▶ [Information provided]
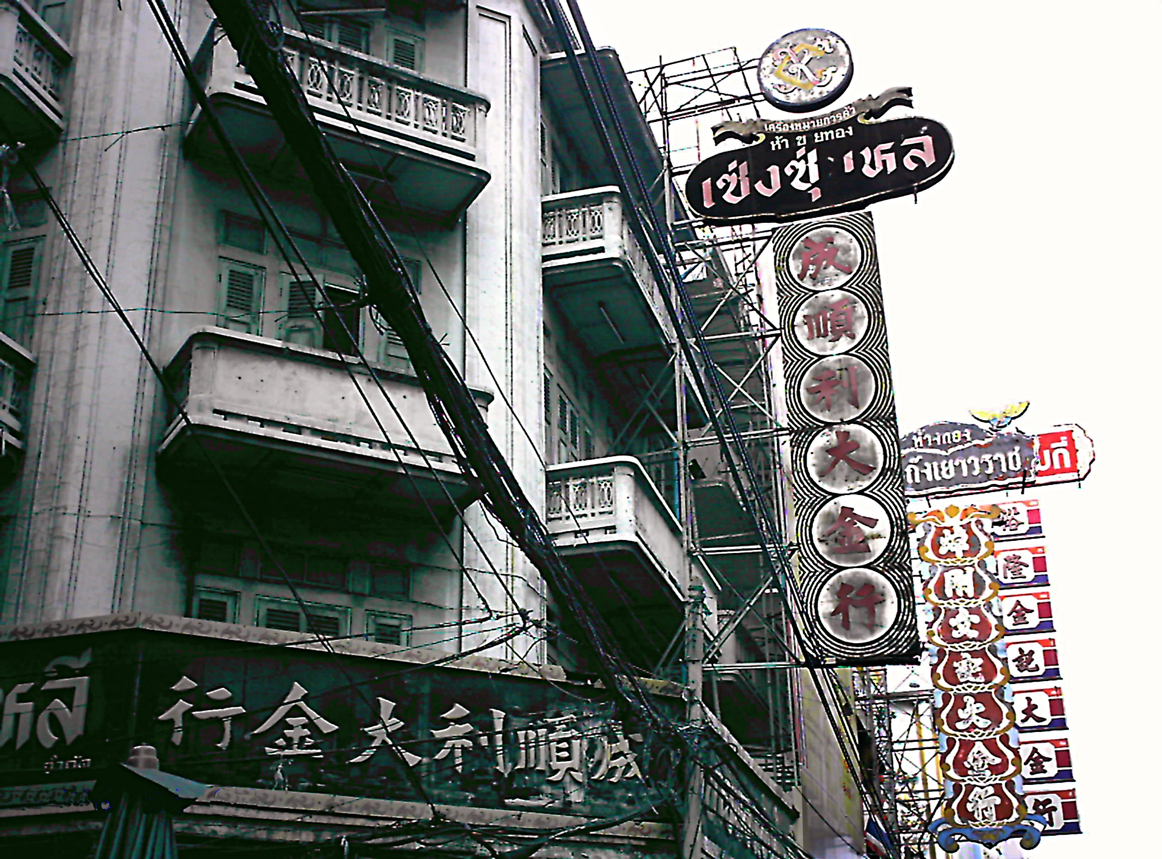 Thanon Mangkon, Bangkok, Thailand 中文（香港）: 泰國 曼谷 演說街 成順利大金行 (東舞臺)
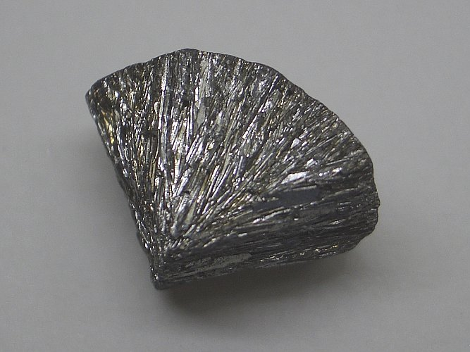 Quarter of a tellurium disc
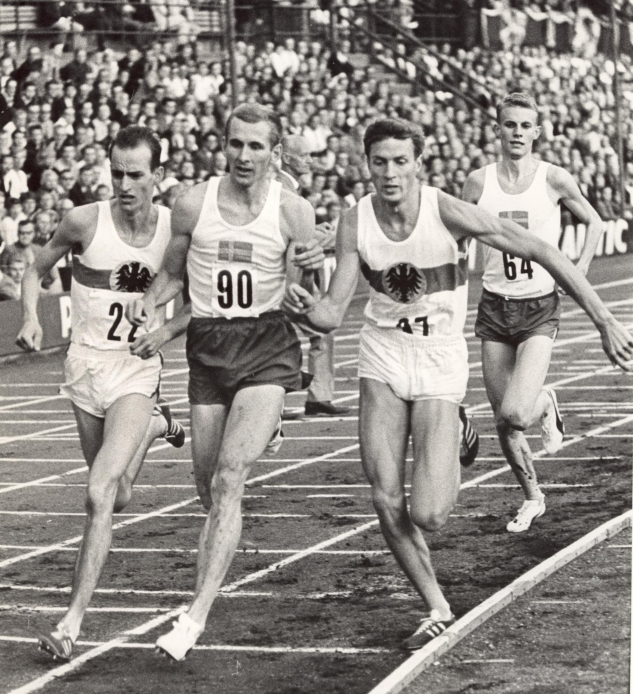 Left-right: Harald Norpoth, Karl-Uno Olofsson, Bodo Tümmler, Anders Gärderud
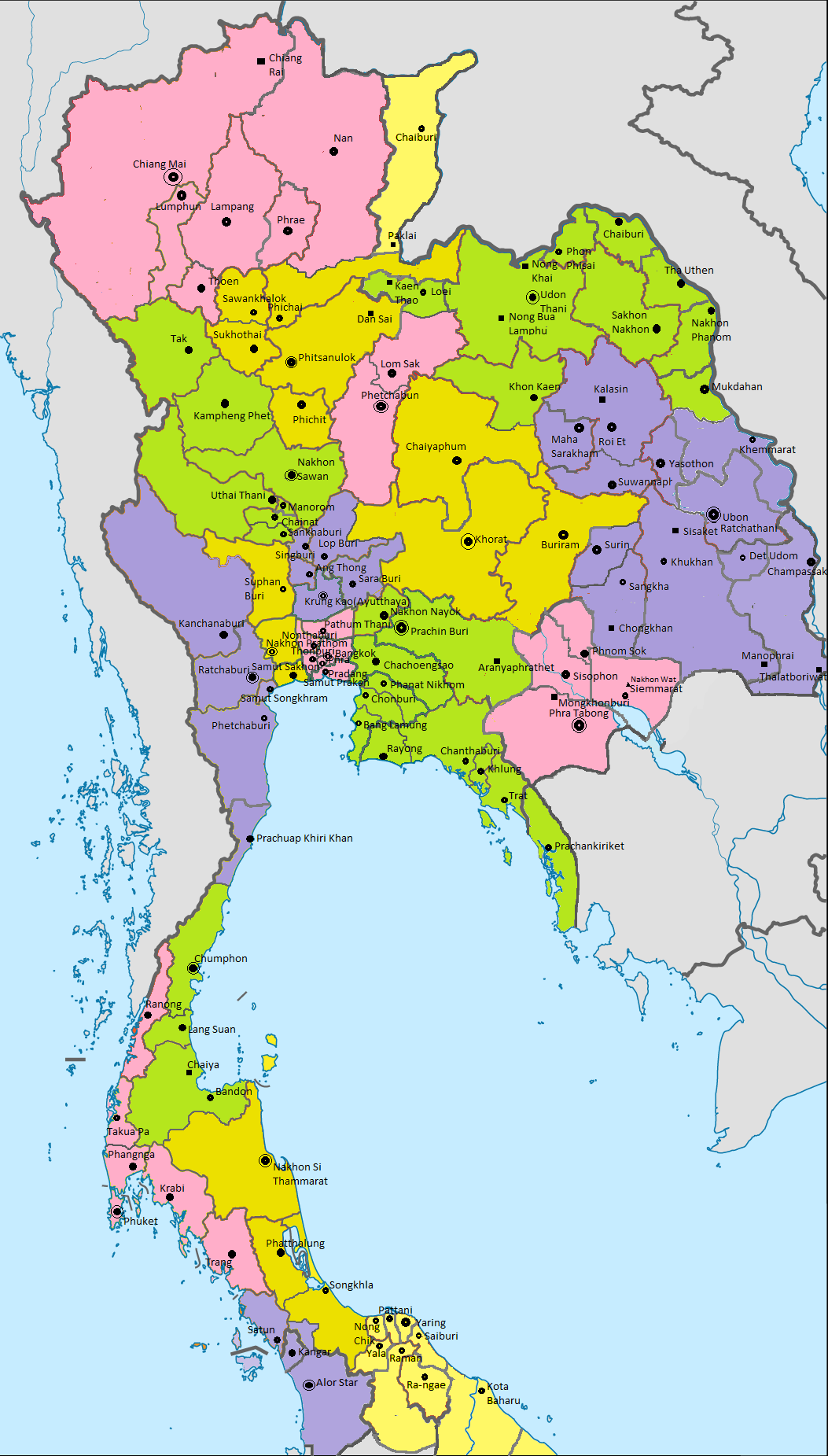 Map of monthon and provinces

▶ [Problem description] When you retype the listing, keep every line exactly as it is and drop the pictures.

▶ [Your solution]
 Thanon Mangkon, Bangkok, Thailand 中文（香港）: 泰國 曼谷 演說街 成順利大金行 (東舞臺)
 Quarter of a tellurium disc
 Left-right: Harald Norpoth, Karl-Uno Olofsson, Bodo Tümmler, Anders Gärderud
 Map of monthon and provinces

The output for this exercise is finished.